Most predictions fail for predictable reasons. People anchor on a single narrative. They confuse confidence with accuracy. They ignore base rates. They don't update when evidence changes. And when asked "what's the probability?", they round to 0%, 50%, or 100%.
Philip Tetlock's Good Judgment Project spent decades studying what separates accurate forecasters from everyone else. The answer wasn't domain expertise or intelligence — it was a specific set of cognitive habits: thinking in probabilities, breaking questions into components, balancing inside and outside views, and actively looking for reasons you might be wrong.[1]
The problem is that these habits are hard to maintain. Even trained superforecasters regress when they're tired, rushed, or emotionally invested. Murmur automates the discipline.
Vague questions produce vague forecasts. Before anything runs, Murmur asks you 2–4 clarifying questions based on Tetlock's commandments: What's the timeframe? What would count as resolution? What's your prior estimate? What's the strongest force for and against?
Your answers get synthesized into a precise, falsifiable question with explicit resolution criteria — the kind of question that can actually be scored right or wrong later.
Murmur sends your question to multiple AI personas, each with distinct expertise, analytical frameworks, known cognitive biases, and blind spots. A CEO thinks about market timing. An actuary thinks about tail risk. A red teamer thinks about how assumptions break under pressure. An artist thinks about cultural adoption. A philosopher questions the hidden assumptions everyone else takes for granted.
The system intelligently selects the most relevant personas based on the question's domain — always including an adversarial challenger and a humanistic perspective. Each persona runs multiple times with varied parameters — different temperatures, evidence emphases, and temporal anchors — producing dozens of independent forecasts.
Every forecast follows a structured reasoning chain:
Dozens of probability estimates don't speak for themselves. Murmur clusters them into 2–3 natural scenarios using a combination of DBSCAN (density-based clustering that finds natural groupings) and k-means with silhouette score optimization. The cap at 3 scenarios is deliberate — more than 3 produces blurry, overlapping futures that don't help decision-making.
The result isn't a single number. It's a map of possible futures: "35% of forecasters think gradual augmentation, 28% think rapid displacement, 22% think hybrid equilibrium." Each cluster represents a coherent, distinct story about what could happen.
Murmur shows two aggregate probabilities, not one, because there's an honest uncertainty about how to combine the estimates.

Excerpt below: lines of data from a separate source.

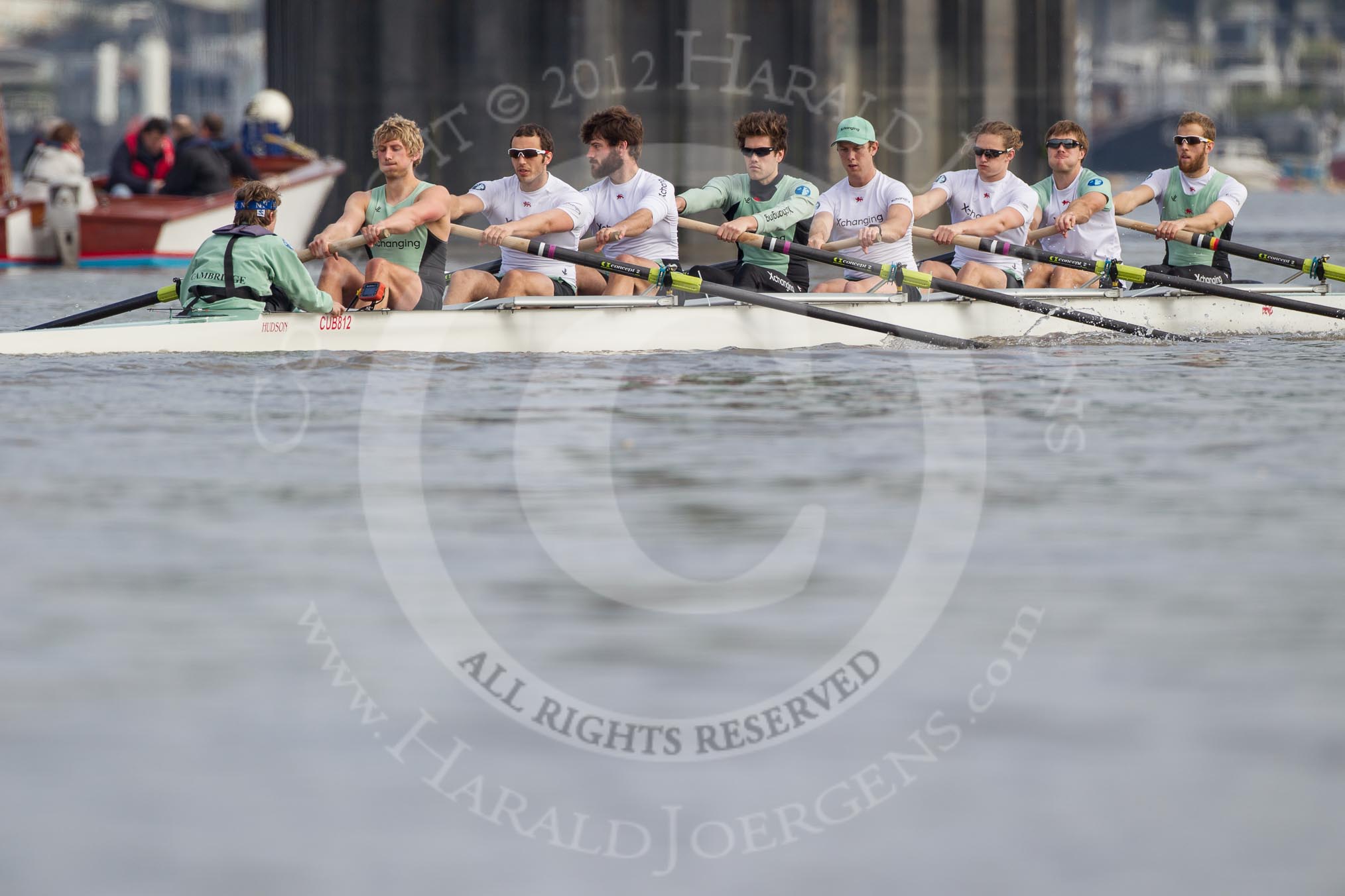 The Boat Race season 2012 - fixture CUBC vs Leander: CUBC Blue Boat: Cox Ed Bosson, stroke Niles Garratt, Alex Ross, Steve Dudek, Alexander Scharp, Jack Lindeman, Mike Thorp, David Nelson, and bow Moritz Schramm.. River Thames between Putney and Molesey, London, Greater London, United Kingdom, on 10 March 2012 at 14:04, image #66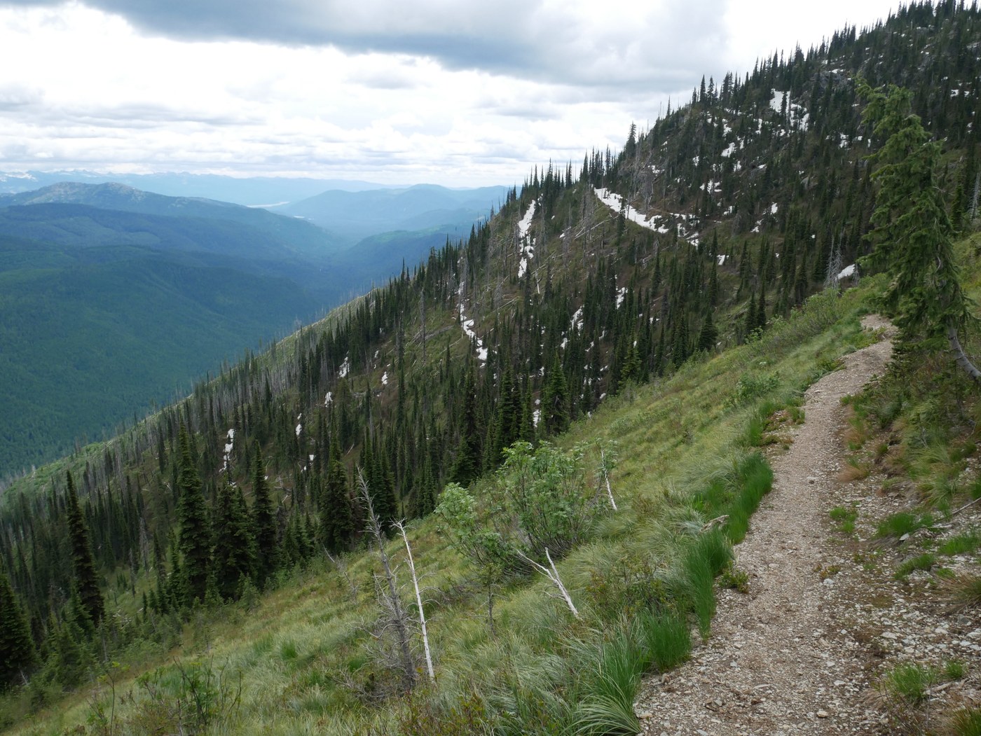 I decided to do the loop clockwise. I almost started at the wrong trailhead - to go clockwise, the trailhead is actually behind the first sign. The trailhead lined with boulders behind the second sign goes counterclockwise. Anyways, down to the river, the trail was clear. To cross the river, I went downstream a little ways to a logjam. There was maybe 4-5 trees down across the trail between the river and the ID border. The side trail down to the cabin is marked by a sign that just says Salmo River. There was a bunch of trees down on it, and I decided it was not worthwhile. Past the ID border, there was a lot more trees down, but nothing terrible. There was a always a log I could use to cross the river. The ascent to Snowy Top Pass was a mess of snow melt. Wear appropriate footwear, or be ok with wet feet!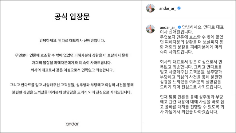 안녕하세요. 안다르 대표이사 신애련입니다. 무엇보다 언론에 호소할 수 밖에 없었던 피해자분의 상황을 더 보살피지 못한 저희의 불찰을 피해자분에게 머리 숙여 사과드립니다.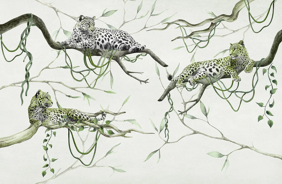 Wall murals Group of leopards lying on branches
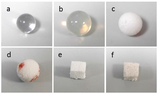 Pictures of the samples analyzed in this work: (a) non-porous PMMA; (b) non-porous silicone; (c) porous PE; (d) porous alumina (red pen marks were done as reference positions to make it easier to find the struts and land onto them with the atomic force microscope (AFM) probe tip, instead of sinking into the macropores); (e) porous GCA; (f) porous GCB. Implant dimensions are summarized in Table 1.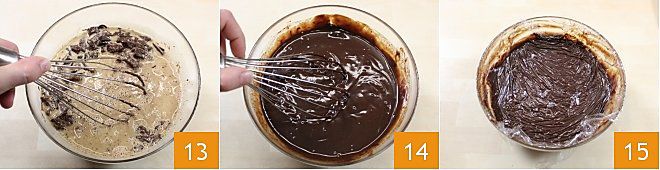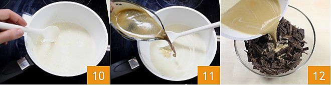 y mezclad con una cuchara 10, calentad todo y luego añadid también el café de la moka previamente preparado 11. Verted la mezcla en el bol que contiene el chocolate picado 12 y

Panel mean is the simple average across all forecasters. This is the right number if you believe the personas share systematic biases from the same base model — which they do. They all read the same training data. When they agree, it might reflect genuine evidence or a shared blind spot. The mean treats their agreement cautiously.
Extremized aggregate uses Tetlock's formula from the Good Judgment Project: geometric mean of odds, then push away from 50% by a factor of d=2.5.[2] The intuition: if independent forecasters mostly agree, the true probability is probably more extreme than the average. This was validated on genuinely independent human superforecasters in the IARPA tournament.

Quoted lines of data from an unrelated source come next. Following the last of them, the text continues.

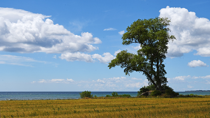Dann breche ich ohne Gepäck zu einem Ausflug nach Nordosten auf, zur Halbinsel Östergarn. Mein Ziel sind zwei besondere Wiesen, auf Schwedisch Ängar genannt. Das sind ausgedehnte Wiesen mit einem lockeren Baumbestand, die der Gemeinde gehörten und von den Bewohnern für Heu und zum Sammeln von Laub genutzt wurden. Deswegen werden sie auch als Laubheuwiesen bezeichnet.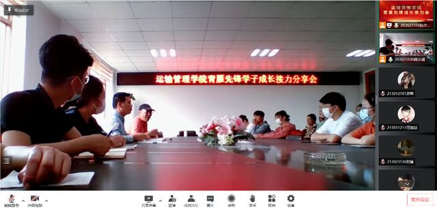 為發(fā)揚運輸管理學(xué)院學(xué)生會工作優(yōu)良傳統(tǒng),更好傳承“青雁先鋒”頭雁領(lǐng)航精神,發(fā)揮先優(yōu)學(xué)生楷模作用,搭建學(xué)生朋輩交流互鑒平臺,運輸管理學(xué)院于5月26日在齊賢樓420室通過“線上+線下”的方式開展了“青雁先鋒學(xué)子成長接力分享會”活動。此次會議由學(xué)生會主席團成員陳諾主持,運輸管理學(xué)院黨總支副書記葛明亮、團總支書記周寸飛、第十五屆學(xué)生會代表、第十六屆學(xué)生干部及21級學(xué)生會全體成員參加了本次會議。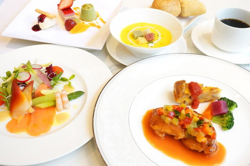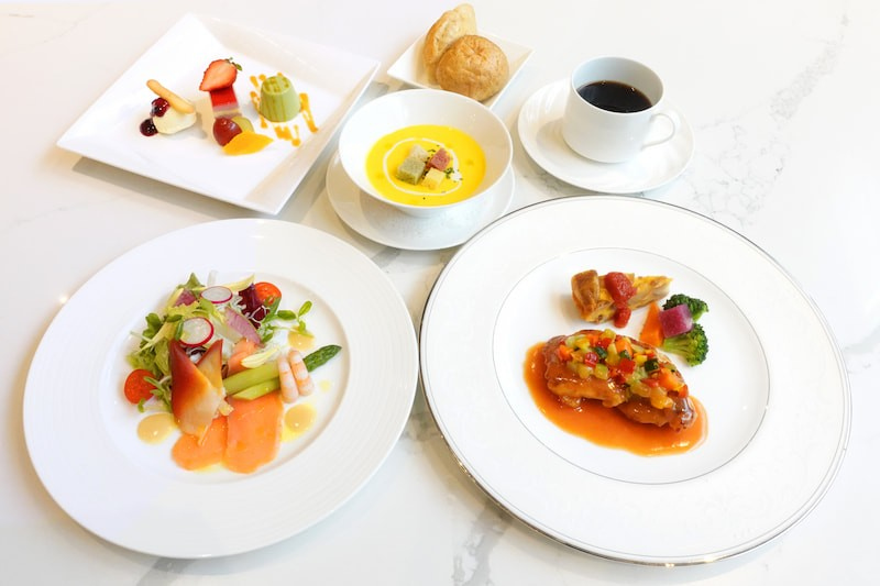 メインは丁寧に焼き上げた若鶏のソテー。彩り豊かな食材とともにお楽しみください。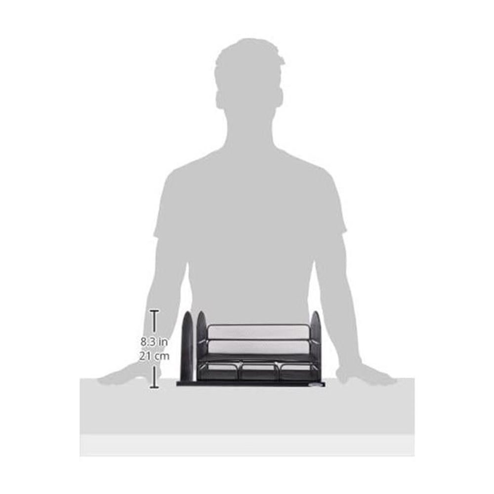 The Onyx™ Organizer is a 3 drawer, wire mesh desktop organizer that aids in office supply organization and file storage. Featuring a horizontal letter tray and vertical file section. The steel mesh design and durable, black powder coat finish provides a long-lasting, versatile workspace organizer.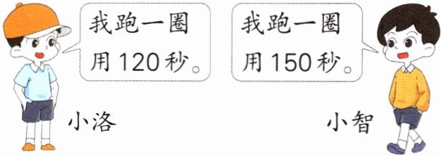 $1÷ \left(\frac{1}{120}-\frac{1}{150}\right)=600$(秒) 600秒=10分 答:10分钟后小洛比小智多跑一整圈。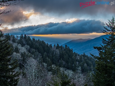 Góry, Stan Karolina Północna, Las, Stany Zjednoczone, Park Narodowy Great Smoky Mountains, Chmury
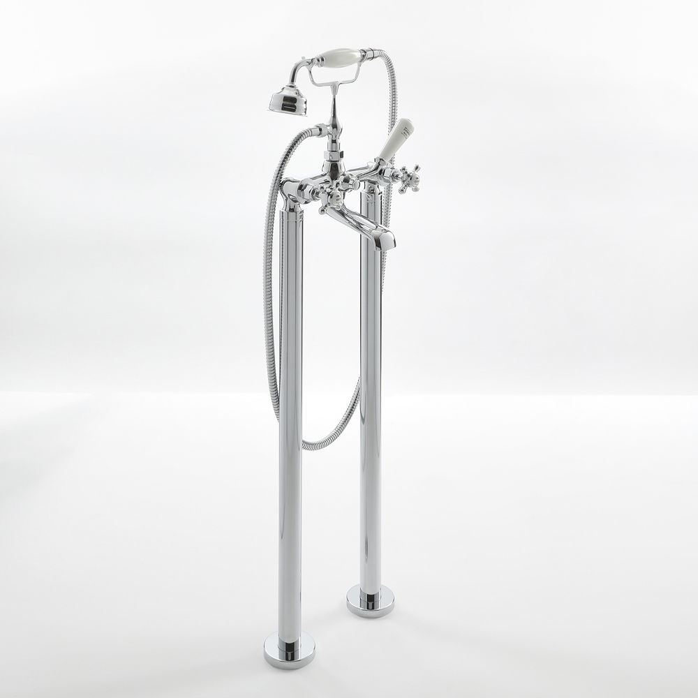 Deze vrijstaande Elizabeth badmengkraan met chromen standpijpen wordt geleverd met een handdouche en doucheslang en is perfect voor gebruik met onze traditionele vrijstaande baden. De kraan staat op luxe standpijpen om een echte traditionele stijl te creëren. Deze badmengkraan heeft traditionele kruiskop handvaten en is gemaakt van hoogwaardig massief messing, zodat u verzekerd bent van kwaliteit en duurzaamheid.

After clustering, Murmur identifies the two scenarios with the highest disagreement and picks a "champion" persona from each — the persona whose viewpoint dominates that cluster. Then it runs a structured debate: each champion sees the other's strongest argument and must rebut it.

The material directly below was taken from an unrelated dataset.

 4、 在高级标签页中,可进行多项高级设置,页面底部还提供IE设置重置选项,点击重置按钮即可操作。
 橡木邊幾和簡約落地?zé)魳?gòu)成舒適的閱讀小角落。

The debate doesn't revise the numbers. Its purpose is to surface the core analytical tension — the structural disagreement that explains why the forecasters diverge. This is often the most useful output: not "38% probability" but "the real question is whether regulatory friction or market pressure wins."
Each cluster gets a narrative: a vivid 2–3 sentence description of what this future looks like, the key assumption it depends on, and the condition that would break it. This turns statistical clusters into stories you can reason about.
Every scenario is also expandable — you can drill into the reasoning of individual forecasters to see their base rate estimate, inside view adjustment, sub-question decomposition, and what specific evidence would change their mind. This transparency lets you evaluate why the number is what it is, not just what the number is.
The final step is often the most valuable. Murmur examines all the scenarios and extracts the load-bearing assumptions — the specific, falsifiable claims about the world that must be true for each scenario to play out.
For each assumption, Murmur identifies:
Critically, Murmur also identifies shared assumptions — assumptions that appear across multiple scenarios. These are the highest-leverage monitoring targets, because if a shared assumption breaks, it doesn't just shift one scenario — it reshuffles the entire forecast.
The linchpin assumption is the single assumption whose reversal would cause the largest redistribution of probability across all scenarios. This is the thing to watch. If you're going to monitor one signal to know whether the forecast is still valid, it's this one.
Murmur ships with a diverse roster of personas spanning cybersecurity, technology, business, policy, finance, and humanities. Each has:
The diversity is the point. A CEO and an actuary will forecast the same question through completely different lenses. That's not noise — it's signal. The scenarios that emerge from clustering many different perspectives are richer than any single expert's prediction.
Murmur is not an oracle. It's a structured thinking tool. The output is not "the answer" — it's a map of plausible futures weighted by probability, with the key assumptions and breaking conditions made explicit.
The value isn't the point estimate. It's the decomposition: what are the real sub-questions? Where do smart people disagree, and why? What specific evidence would change the picture?
Use it to think better, not to think less.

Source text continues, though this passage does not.